Activity. Please return exactly the lines from the beginning of the listing up to and including the line with "Alumnos de los", with no pictures.

Collected data.

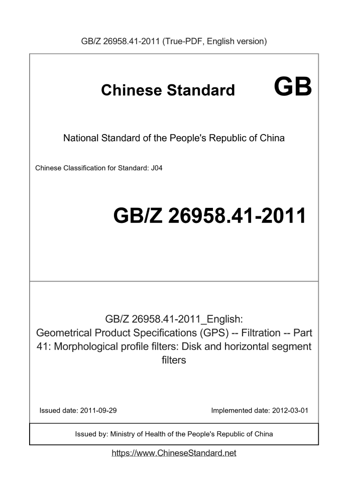 Delivery: <= 3 days. True-PDF full-copy in English will be manually translated and delivered via email. GBZ26958.41-2011: Geometrical Product Specifications (GPS) -- Filtration -- Part 41: Morphological profile filters: Disk and horizontal segment filters Status: Valid
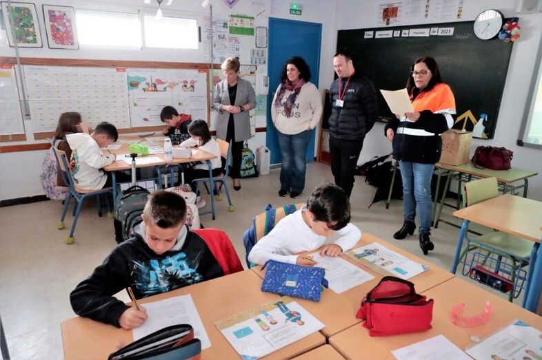 Alumnos de los colegios Pedro Antonio de Alarcón, Maestro Eduardo Lobillo, Luis Ponce de León, San José de Calasanz, Salesianas, Pozo Nuevo y Salesianos se han acogido a la actividad en la que han querido estar presentes las responsables municipales de Protección Civil y de Educación, Luisa Fernández y Laura Almisas, que han visitado uno de los talleres.
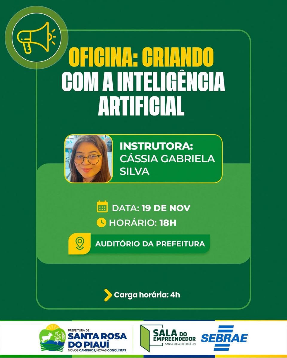 A Sala do Empreendedor, em parceria com o SEBRAE e a Prefeitura de Santa Rosa do Piauí, promoveu a oficina “Criando com a Inteligência Artificial”, ministrada por Cássia Gabriela Silva.

Expected answer.
 Delivery: <= 3 days. True-PDF full-copy in English will be manually translated and delivered via email. GBZ26958.41-2011: Geometrical Product Specifications (GPS) -- Filtration -- Part 41: Morphological profile filters: Disk and horizontal segment filters Status: Valid
 Alumnos de los colegios Pedro Antonio de Alarcón, Maestro Eduardo Lobillo, Luis Ponce de León, San José de Calasanz, Salesianas, Pozo Nuevo y Salesianos se han acogido a la actividad en la que han querido estar presentes las responsables municipales de Protección Civil y de Educación, Luisa Fernández y Laura Almisas, que han visitado uno de los talleres.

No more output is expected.